Hier wurde Axel vom Bedienten gestört, welcher den General anmeldete. – Axel verzog die Augenbrauen; aber bevor er Zeit bekam zu antworten, stand der General vor ihm.

»Wann reisest du?« fragte er.

»In einem Monat.«

»Gut; du bist von der Regierung zurückgerufen worden?«

»Ja.«

»Nun, welche Aufklärung hast du eingeholt?«

»Keine. – Ich glaubte, daß …«

»Daß es mir glücklicher gegangen sei, willst du sagen; aber noch ist das nicht der Fall gewesen. – Ich wünschte erst dich nach Hause zurückkehren zu sehen …«

»Es ist also …«

»Meine Person, der du für die Abberufung nach Hause zu danken hast? Ja!« antwortete der General kalt und setzte sich.

»Ich vermuthete es,« rief Axel und trat dem General einen Schritt näher; »aber warum?« fragte er.

»Weil ich es so wollte,« antwortete dieser, »oder glaubst du, daß ich nicht weiß, wie weit meine Macht reicht? – Du wirst also nach Hause zurückkehren!«

»Wenn ich es nicht thue?« antwortete Axel trotzig.

»Du würdest dann von einem Kriegsgericht verurtheilt und ich würde jenes Mädchen, welchem du den Hof machst, fragen, wie sie mit einem … Liebesintriguen haben mag.«

»Nicht ein Wort! Ich reise!« fiel Axel ein, und blickte scheu im Zimmer herum.

»Du fürchtest dich sehr, sehe ich, daß man hier im Hause erfahren möchte, daß …« Der General hielt inne und blickte Axel an.

Dieser schwieg.

»Du verleugnest nicht dein früheres Leben, wenn du … verführst. Das Blut deiner Mutter offenbart sich fortwährend in dir.«

Es entstand eine Pause.

»Der Taufschein des Kindes fehlte unter den Papieren, welche du mir gabst,« hub der General wieder an.
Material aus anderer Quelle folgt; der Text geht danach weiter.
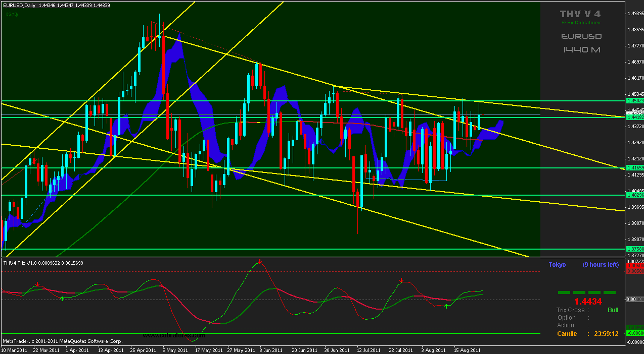 2011/08/24 - うおうおさんの株式ブログ。タイトル:「8/24朝 ユーロドル」 本文:ううむ最近あまり動いてないなぁ上に行きそうでやっぱりもどってくるし。 またショート追加しました。まあ今回は損切り幅小さいので損切りしても700円くらいですがw0.1枚取引は気楽でいい
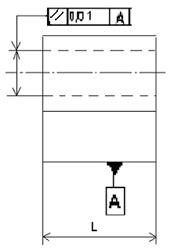 Рис 13. (в двух точках на заданной длине поверхности) Отклонение определяется как разность показаний головки на заданном интервале друг от друга (головки на «0» выставляются по эталону). Допуск параллельности оси отверстия относительно базовой плоскости А на длине L.

»Dieses Papier wünsche ich für meine eigenen Nachforschungen zu behalten.«

»Kannst du denn jetzt noch solche anstellen, nachdem du die Zeit leichtsinnig vergeudet hast?«

»Aber der Auftrag wurde mir allein anvertraut.«

»Und du vernachlässigtest denselben wegen einer wenig ehrenhaften Liebesgeschichte. Oder willst du Alles der Vergessenheit übergeben?«

Der Mittwoch kam und somit auch die Reise nach Waxholm; Thora aber, welche noch nicht gesund war, wurde von Heinrich verurtheilt, zu Hause zu bleiben. Alle Bitten und Thränen Thoras hälfen nichts.

Die Majorin wollte ebenfalls von der Reise abstehen; aber aus Onkel Antons und Thoras vereinte Bitten reiste sie, vom Kapitän und Axel begleitet, am Mittwoch acht Uhr mit dem Dampfschiff ab.

»Am Freitag sind wir zurück, mein Engel,« sagte die Majorin und küßte Thora. »Wache nun gut über sie,« fügte sie, an Lotta gewendet, hinzu.

Kurz darauf rollte der Wagen von dannen.

»Sind sie Alle abgereist?« fragte Thora die am Fenster stehende Lotta.

»Ja, und in einer halben Stunde geht das Dampfboot ab.«

»Fuhr der Lieutenant mit?«

Die Thränen Thoras flossen jetzt reichlich.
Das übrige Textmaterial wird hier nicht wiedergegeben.